D.19 Answers: CIs for one proportion

Answers to exercises in Sect. 20.11.

Answer to Exercise 20.1: $\hat{p} = 2182/6882 = 0.317059$ and $n=6882$ . So:

$\text{s.e.}(\hat{p}) = \sqrt{ \frac{0.317059 \times(1 - 0.317059)}{6882} } = 0.005609244.$ The CI is $0.317059 \pm (2\times 0.005609244)$ , or $0.317059\pm 0.01121849$ .

Rounding sensibly:

$0.317\pm 0.011$ (notice we keep lots of decimal places in the working, but round the final answer).

Answer to Exercise 20.2:

$\hat{p} = 8/154 = 0.05194805$ ;

$\text{s.e.}(\hat{p}) = 0.0017833$ ; approximate 95% CI is

$0.05194 \pm (2 \times 0.0017833)$ , or

$0.0519\pm 0.0358$ , equivalent to 0.016 to 0.088. The CI is statistically valid.
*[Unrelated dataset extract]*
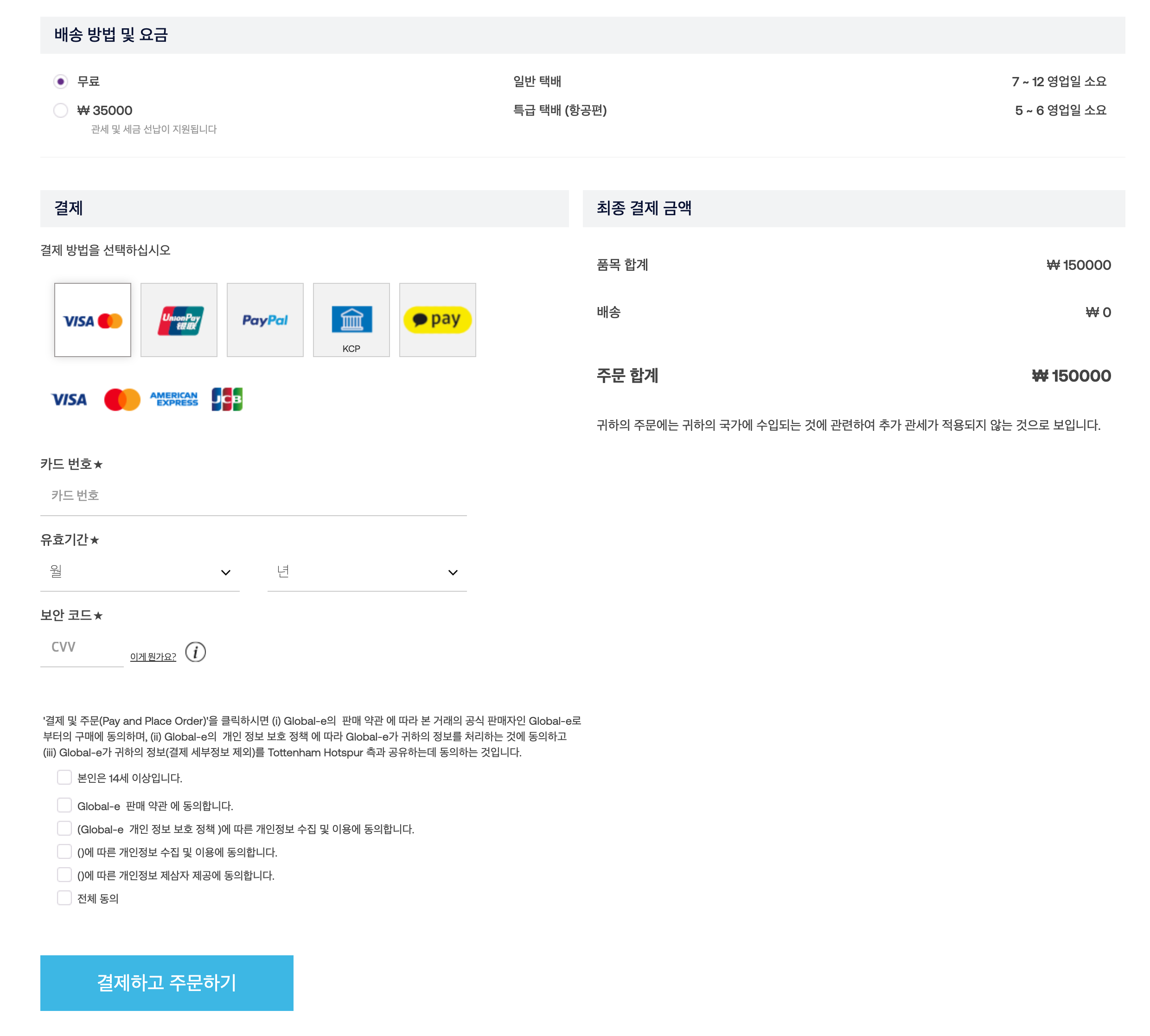 가장 중요한 결재 및 배송단계인데요. 손흥민 선수가 한국인이라서 한국어를 지원하고 있으니 걱정하지 않으셔도 됩니다. 거기다가 카카오페이로도 결재가 가능하고 직접배송하기 때문에 네이버에서 쇼핑하듯이 간단히 구매가 가능합니다.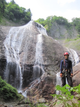 大滝を越えてからも、ナメ、深い釜などが続き、登れる滝も多くあきさせない。一度登っているのでさくさく進んで12時には登山道が交わる場所に着いた。巻いた滝は大滝を含め3つだった。装備を外し、昼食を取っていると、Gさんがやってきた。3人で団らんしていると賑やかな声が登山道から聞こえ、大勢の若者がやってきた。聞くと福島大の学生達で、授業の一つ沿いで上の山小屋に泊まるのだという。引率の先生もいた。彼ら(女子も数名いたが)も同じ場所で昼休憩をとったのでとても賑やかとなった。

Answer to Exercise 20.3: Use

$\hat{p} = 708/864 = 0.8194444$ and

$n=864$ . Standard error:

$\text{s.e.}(\hat{p}) = 0.01308604$ ; approximate 95% CI is

$0.8194444 \pm (2\times 0.01308604)$ . The CI is statistically valid.

FIGURE D.6: The sampling distribution of the proportion of males in samples of 864 people with hiccups

Answer to Exercise 20.4: 1. Approximately

$n = 1/(0.05^2) = 400$ . 2. Approximately

$n = 1/(0.025^2) = 1600$ . 3. To halve the width of the interval, four times as many people are needed.
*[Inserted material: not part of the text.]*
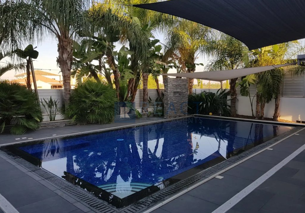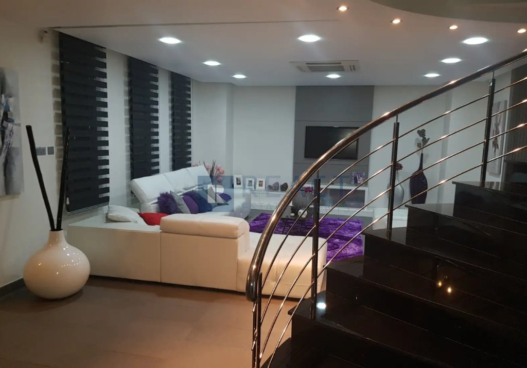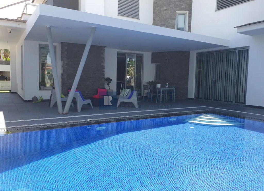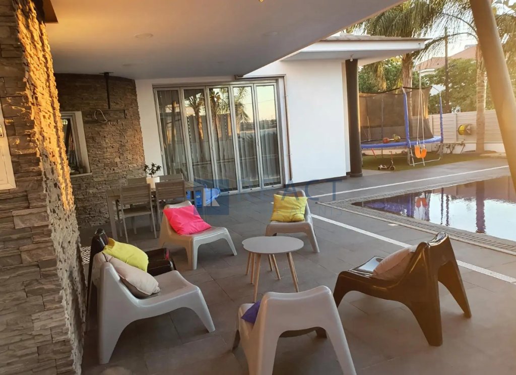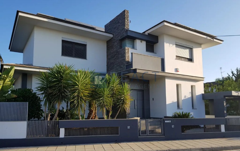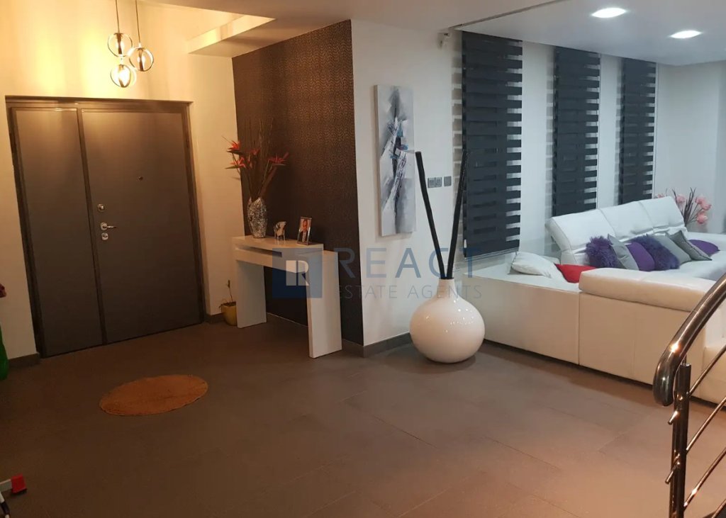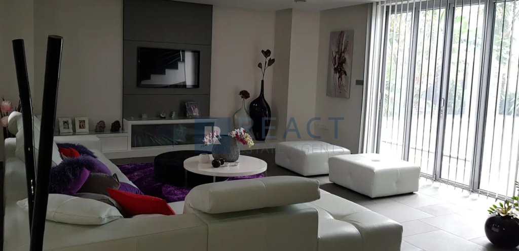 The property has an internal area of 330 sqm built in a corner plot of 555sqm, with the right to use the adjoining plot with an area of 435sqm. The ground level consists of an open plan kitchen with a spacious living room leading to the outdoor area, one office area. The property benefits from a photovoltaic system, 9m x 5m overflow swimming pool. Furthermore the underground area accommodates 4 cars plus a playroom area of 50sqm. The property is fully furnished.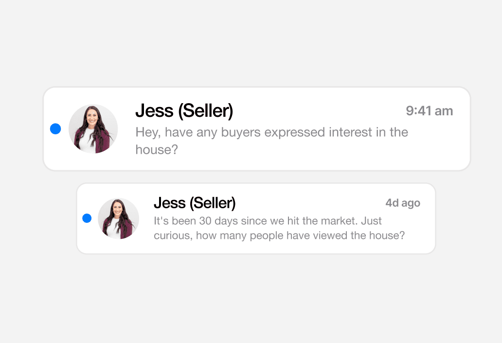 Easy-peasy and real-time updates so your Seller remains informed right along side you.

Answer to Exercise 20.5: After 3000 hours: $\hat{p} = 0.2143$ ; $\text{s.e.}(\hat{p}) = 0.06331$ . The CI is from 0.088 to 0.341. The statistical validity conditions are satisfied.

After 400 hours:

$\hat{p} = 0$ ;

$\text{s.e.}(\hat{p}) = 0$ . The CI is from 0 to 0: clearly silly (implies no sampling variation). This is because the statistical validity conditions are not satisfied.